Prevention of cancer by agents that suppress production of oxidants
1994
Troll, W. | Lim, J.S. | Frenkel, K.
Structurally different cancer preventive agents suppress superoxide anion radical (O2-.) and hydrogen peroxide (H2O2) production by phorbol ester tumor promoter-activated human neutrophils. This inhibition of H2O2 generation can serve as a facile system for identifying and measuring the activity of cancer preventive agents. Those agents inhibit inflammation and oxidative DNA damage as well as tumor promotion. H2O2 causes formation of strand breaks in DNA and oxidation of DNA bases.
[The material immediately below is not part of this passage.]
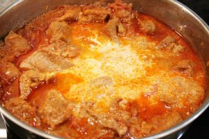 - Return to heat and add veal, stirring to combine with onions, tomato and paprika.
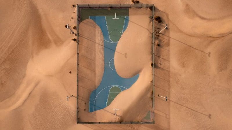 من زاوية فريدة.. مصور يوثق ملعب كرة ابتلعته الرمال

Cancer preventive agents include retinoids, garlic oil, protease inhibitors (PIs) isolated from natural sources (e.g., soybeans, potatoes and tomatoes), (-).epigallocatechin gallate (EGCG) (isolated from green tea), vitamin B3 (nicotinic acid), and trans-tamoxifen (TAM). Nicotinic acid and TAM are the new additions to this growing group of inhibitors. Nicotinic acid may act through formation of the cofactor [e.g., nicotine-adenine-dinucleotide (NAD+)] of many dehydrogenases. Phorbol ester-mediated H2O2 induction in neutrophils--which is not inhibitable by estradiol--is suppressed by the antiestrogen TAM, which points to additional properties of TAM that contribute to the prevention of breast cancer but are not estrogenic in nature.